When leasing a car, you’re renting the vehicle from a dealership for a set amount of time and/or mileage. The lessor requires you to carry full coverage to protect their own investment, as liability car insurance only covers repairs to someone else’s car.
Gap insurance
Also known as “guaranteed asset protection,” gap insurance covers the difference between the actual cash value of your car if it’s totaled or stolen and how much you owe on your lease agreement at that time.
Say you owe $15,000 on your car lease and you get into an accident that totals your car. With depreciation, your insurance company decides that the actual cash value of your car is $9,000, which would go to your leasing dealership.
Without gap insurance, you would need to pay the dealership the remaining $6,000. With gap insurance, it would handle the $6,000.
The dealership you’re leasing from may require you to carry gap insurance. Even if it doesn’t, it’s a good idea to get it. A car starts depreciating in value the moment you drive it off of the lot. If you’re in an accident that totals your car, gap insurance could save you thousands of dollars.
The cost of car insurance on a leased car
To get an idea of what insurance will cost for your leased vehicle, look at the average rate for full-coverage car insurance in your state.
Cost of insurance on a leased car by state
State | Average full coverage cost |
---|---|
Alabama | $1,979 |
Alaska | $1,635 |
Arizona | $2,683 |
Arkansas | $1,879 |
California | $1,867 |
Colorado | $2,542 |
Connecticut | $2,346 |
Delaware | $2,482 |
Florida | $2,990 |
Georgia | $1,832 |
Hawaii | $1,643 |
Idaho | $1,227 |
Illinois | $2,109 |
Indiana | $1,511 |
Iowa | $1,663 |
Kansas | $1,991 |
Kentucky | $2,295 |
Louisiana | $2,719 |
Maine | $1,100 |
Maryland | $2,051 |
Massachusetts | $2,068 |
Michigan | $4,638 |
Minnesota | $1,884 |
Mississippi | $1,796 |
Missouri | $1,908 |
Montana | $2,174 |
Nebraska | $1,909 |
Nevada | $2,958 |
New Hampshire | $1,146 |
New Jersey | $2,236 |
New Mexico | $1,953 |
New York | $2,030 |
North Carolina | $1,305 |
North Dakota | $1,858 |
Ohio | $1,329 |
Oklahoma | $2,119 |
Oregon | $2,115 |
Pennsylvania | $1,861 |
Rhode Island | $2,636 |
South Carolina | $1,808 |
South Dakota | $2,016 |
Tennessee | $1,554 |
Texas | $1,833 |
Utah | $2,261 |
Vermont | $1,232 |
Virginia | $1,598 |
Washington | $1,534 |
Washington DC | $2,082 |
West Virginia | $1,701 |
Wisconsin | $1,540 |
Wyoming | $1,437 |
Other factors that can affect the rate for insurance on your leased car:
- Make and model of the car
- Your ZIP code
- Your insurance claim history
Methodology
LendingTree uses insurance rate data from Quadrant Information Services using publicly sourced insurance company filings.
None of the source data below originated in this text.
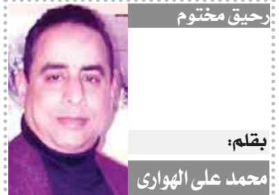
بحقلم: محمد على الهواري

تتمثل بروفة أخيرة قبل مواجهتي بوركينا فاسو وغينيا بيساو، المقررتي في مطلع يونيو المقبل، ضمن الجولتين الأولى والثانية من التصفيات الأفريقية المؤهلة إلى كأس العالم ٢٠٢٦. ويتطلع منتخبا اليوم لتحقيق الفوز على منتخب نيوزيلندا الذي يحتل المركز ١٠٣ في تصنيف الفيفا، من أجل التأهل إلى المباراة النهائية للبطولة والتي سيواجه فيها الفائز من لقاء تونس وكرواتيا، الذي يقام على ملعب ستاد القاهرة غدا السبت، وتشهد مباراة اليوم أول ظهور رسمي للفراغمة على ستاد مصر في العاصمة الإدارية الجديدة والذي يتسع لـ ٩٠ ألف متفرج، حيث لم يخض المنتخب أي مباراة على هذا الملعب، لكنه دخل من قبل في مسكر معلق على نفس الملعب وذلك قبل السفر إلى كوت ديفوار للمشاركة في كأس الأمم الأفريقية الأخيرة. واستعد المنتخب بشكل جيد لهذه المباراة، حيث حرص حسام حسن على تجميع اللاعبين قبل ٩ أيام، واستغل فترة توقف الدوري للحصول على أكبر وقت مع اللاعبين في التدريبات الجماعية التي نفذ خلالها العميد حطة إعداد الفريق وتلقينه حطة اللعب التي يود فرضها خلال المرحلة المقبلة. وكشف المران الأخير للفراغمة، عن تغييرات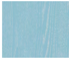
Decapé Azzurro Venatura Bianca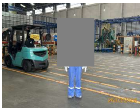
ภาพที่ 2-7 พนักงานสวมใส่อุปกรณ์ป้องกันอันตรายส่วนบุคคล

Rates are based on an analysis of hundreds of thousands of car insurance quotes for a typical driver. Prices are shown for comparative purposes only. Your own rates may be different.
Unless noted otherwise, quotes are for a full-coverage policy for a 30-year-old man with good credit and a clean driving record who drives a 2015 Honda Civic EX.
Full-coverage policies include collision, comprehensive and liability coverage:
- Bodily injury liability: $50,000 per person, $100,000 per accident
- Property damage liability: $25,000
- Uninsured / underinsured motorist bodily injury: $50,000 per person and $100,000 per accident
- Personal injury protection: minimum limits, where required by law
- Collision: $500 deductible
- Comprehensive: $500 deductible
Frequently asked questions
Auto dealerships usually require you to get full-coverage car insurance as part of their lease agreement. They do this to protect their part of the investment.
A dealership’s requirement for full-coverage car insurance is more expensive than liability insurance, so that will increase your cost for insurance. Also, it’s not uncommon for dealerships to require you to get specific limits of full coverage, which can raise the cost of auto insurance more.
Gap insurance isn’t often required by dealerships as part of a lease agreement. However, it is a good idea to consider, especially if you’re leasing a brand-new car.